Walking cast boots come in a range of designs and sizes, each of which is designed to treat and support different injuries. For this reason, it is essential to choose a boot that is going to provide you with the right treatment and improve your healing time.

Cast Size

It’s important that your walking cast boot offers a comfortable and correct fit, so one of the first things you will need to look at is the size. Generally speaking, these walking boots will come in sizes that correspond to shoe size, so it’s pretty easy to find a good fit. You’ll notice that they come in XS, S, M, and L and most boots will have a size chart to help you choose what’s best for you. If you don’t take the time to choose the right size you’ll find the boot to be uncomfortable not to mention that it won’t offer the right amount of support.

Short or High Walking Boot

Tall walking cast boots are usually suitable for a much wider range of injuries. They often sit halfway up the calf and are ideal for lower leg injuries as well as injuries to the ankle such as sprains, soft tissue injuries and metatarsal injuries, among others. If your injury is more severe than a high top walking cast boot is likely the better option owing to increased support and an ability to securely immobilize the leg as it heals.

A short walking cast boot is typically used to treat less severe injuries like toe fractures, injuries to the soft tissue of the foot, and after foot surgery. If you don’t need as much immobilization or support, this is usually the better option.

You might also consider your height when choosing between short or high walking boots, as many taller people find that a taller boot feels more comfortable.
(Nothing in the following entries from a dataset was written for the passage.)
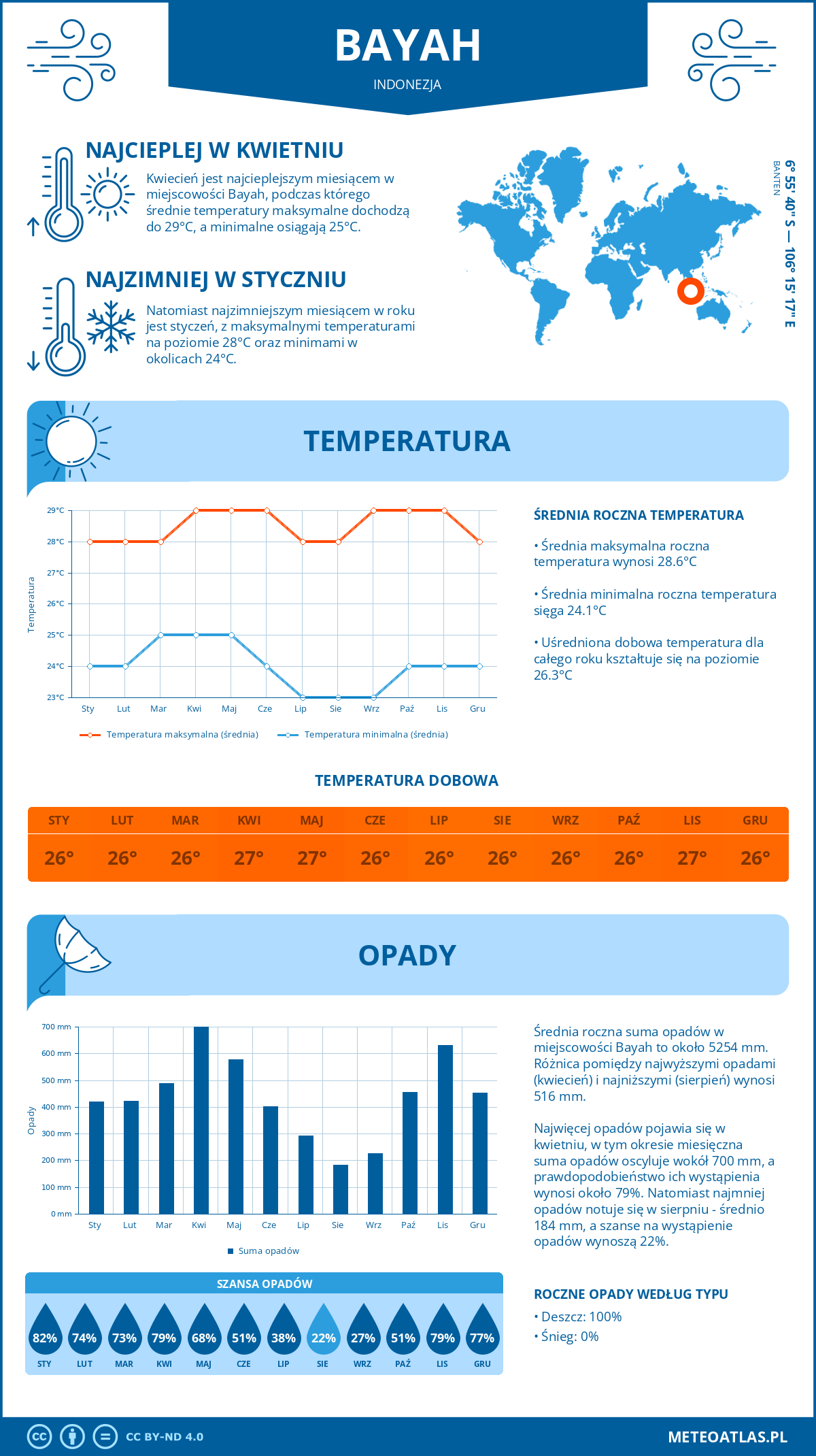 Bayah (Indonezja) - pogoda i klimat: roczne średnie temperatury i opady
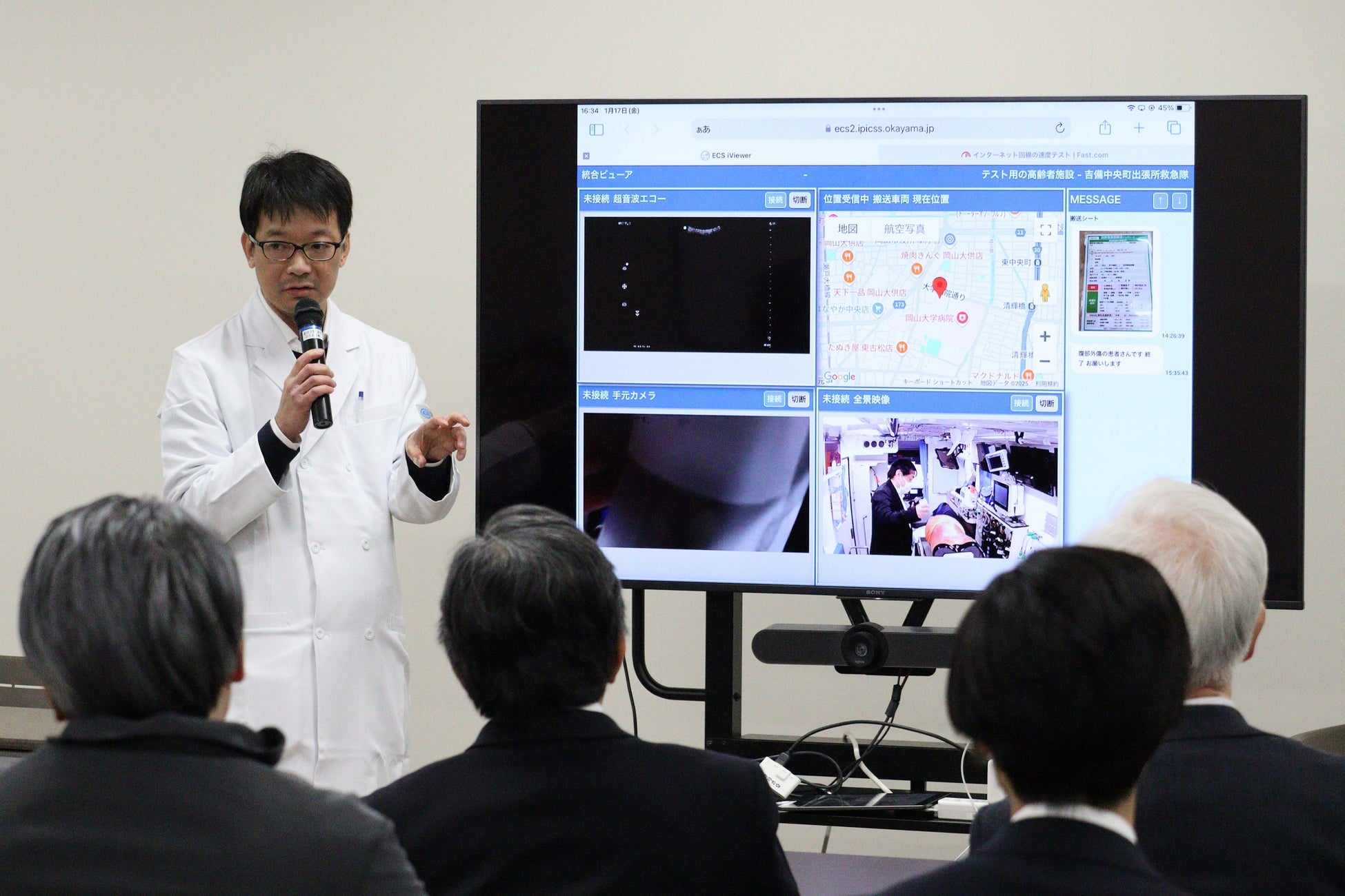 次に鹿田キャンパスに移動し、国家戦略特区「デジタル田園健康特区」に指定されている吉備中央町や「共生型連合体」の取り組みなどを中心としたデジタルの力を活用した医療制度改革と社会変革の取り組みについて説明し、VRを活用したドクターカーの教材や実際のドクターカーの視察を行いました。
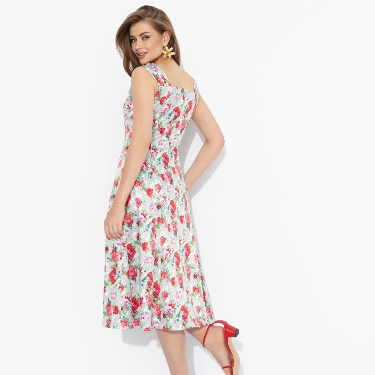 Проснуться от пения птиц, легкого ветерка из открытого окна и аромата свежеприготовленных пончиков. Атмосфера загородного дома пленит тебя с детства. Платье с цветочным узором ЧАРУТТИ поможет окунуться в любимый флер роскошных образов для легких прогулок. Приталенный силуэт, длина миди. Отвороты в зоне декольте. Широкие бретели в тон основного материала изделия. Есть карманы. Платье украшено пуговицами. Застегивается на скрытую молнию.
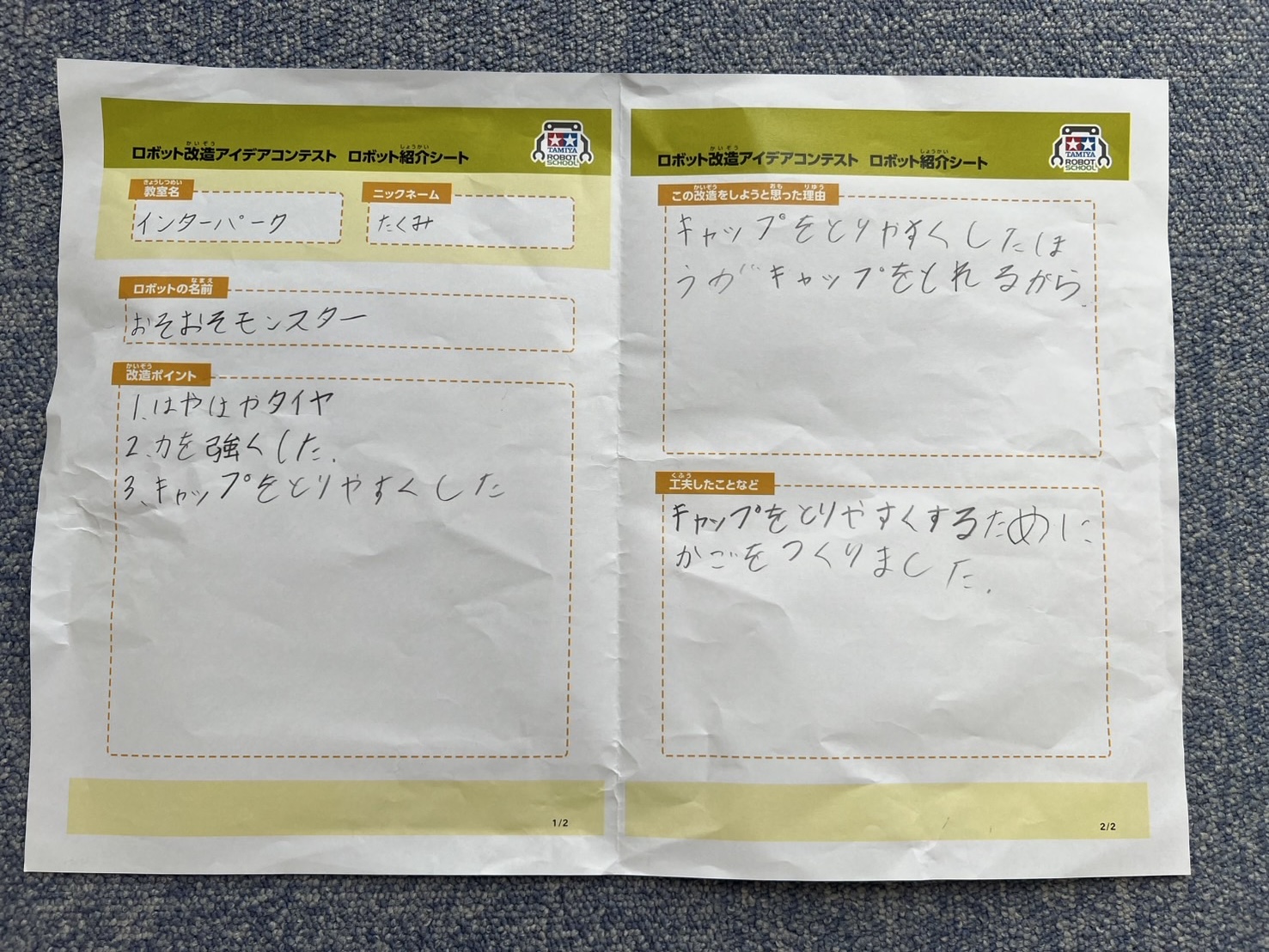 形状とスピードに最後の最後までこだわり抜いた最強の一台が完成しました。機敏な動き、確実なキャップ収集能力、最大限の得点力、ゼロから見直して完成させました。絶対に諦めない不撓不屈の精神力が宿ったロボットです。

On the other hand, shorter people may get on better with a low boot, even with more significant injuries.

Air or Non-Air Walking Boot

If you are looking for an adjustable boot that will adapt with you as your injury heals, then an air cast boot might be the right choice. These boots have air cushions that can be inflated or deflated according to your needs and factoring in things like swelling and discomfort. In terms of swelling, the compression of these boots can often be used to reduce this.

They will fit comfortably around the lower leg and are often used to transition from a hard cast to a regular walking cast boot. They are very supportive and will help to immobilize the limb during healing.